**DATASET EXCERPT:**

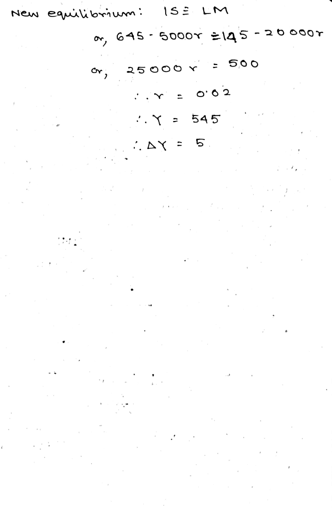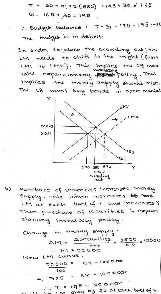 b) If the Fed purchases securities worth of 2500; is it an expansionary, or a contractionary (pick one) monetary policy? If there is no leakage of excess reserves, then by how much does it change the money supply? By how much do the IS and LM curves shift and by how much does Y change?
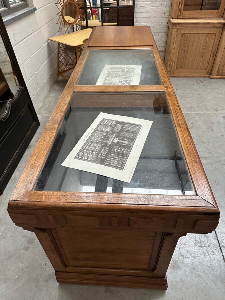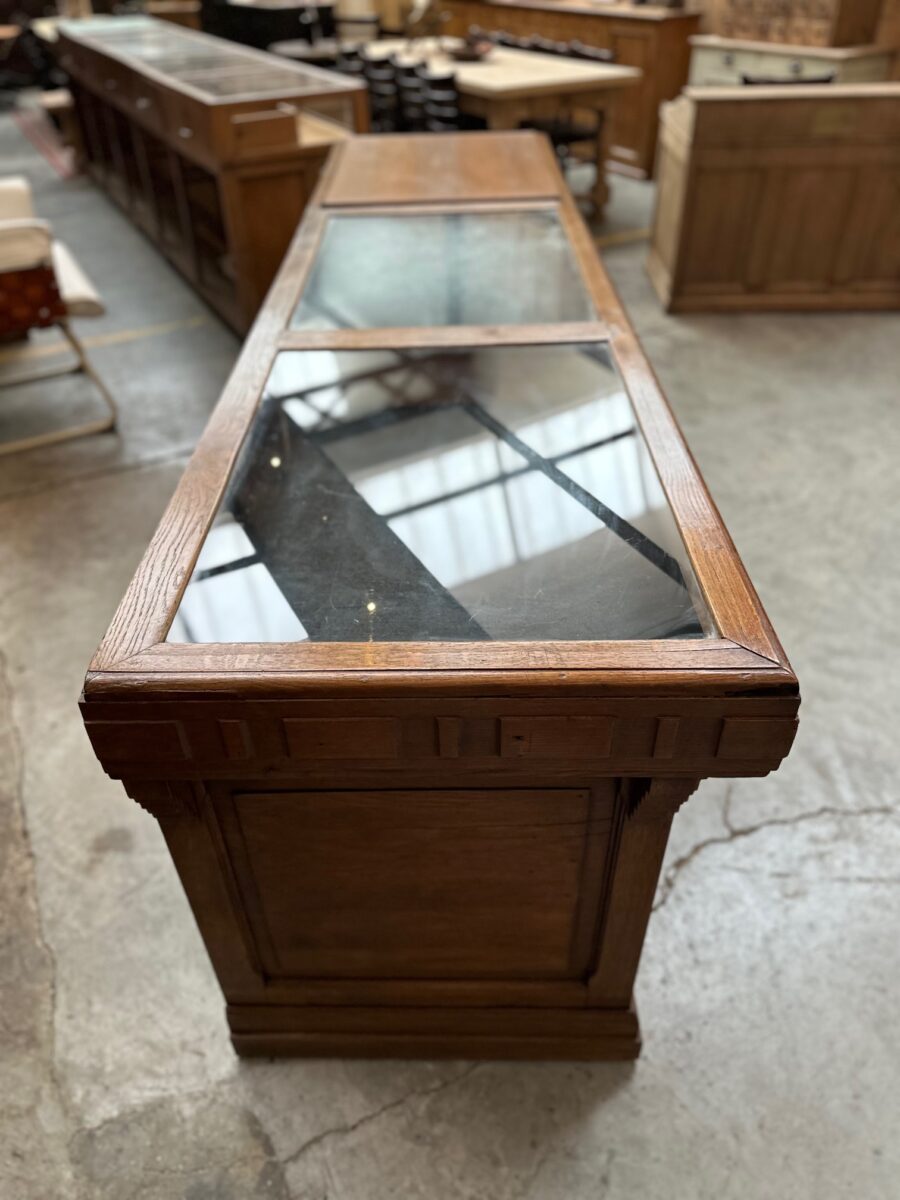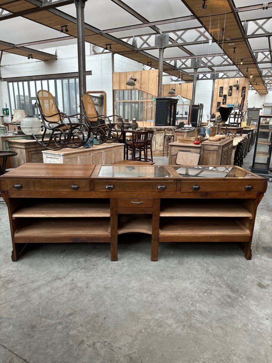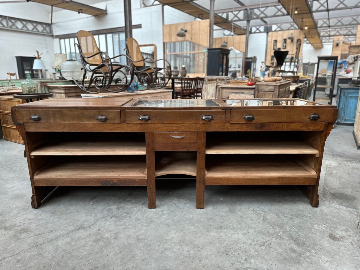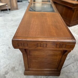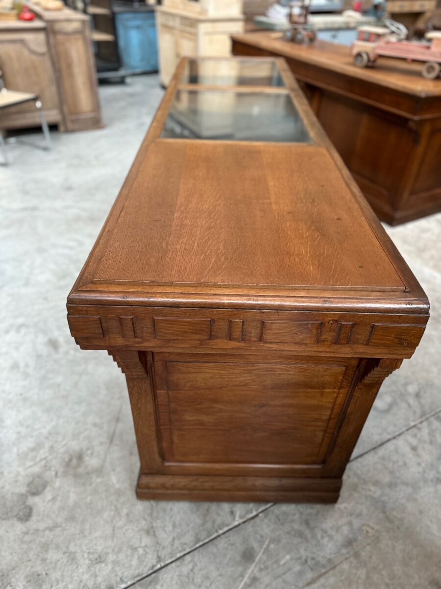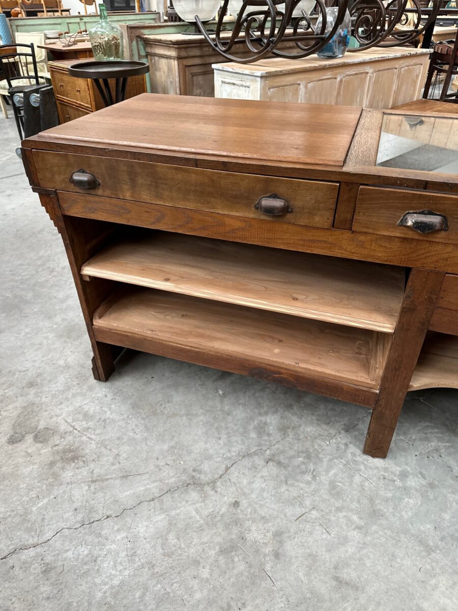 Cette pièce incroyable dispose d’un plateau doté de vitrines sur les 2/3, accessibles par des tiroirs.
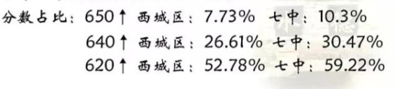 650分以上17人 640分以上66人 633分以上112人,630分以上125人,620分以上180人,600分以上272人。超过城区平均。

**ACTIVITY:** Could you restate the material word for word, skipping any pictures it holds?

**RESULT:**
 b) If the Fed purchases securities worth of 2500; is it an expansionary, or a contractionary (pick one) monetary policy? If there is no leakage of excess reserves, then by how much does it change the money supply? By how much do the IS and LM curves shift and by how much does Y change?
 Cette pièce incroyable dispose d’un plateau doté de vitrines sur les 2/3, accessibles par des tiroirs.
 650分以上17人 640分以上66人 633分以上112人,630分以上125人,620分以上180人,600分以上272人。超过城区平均。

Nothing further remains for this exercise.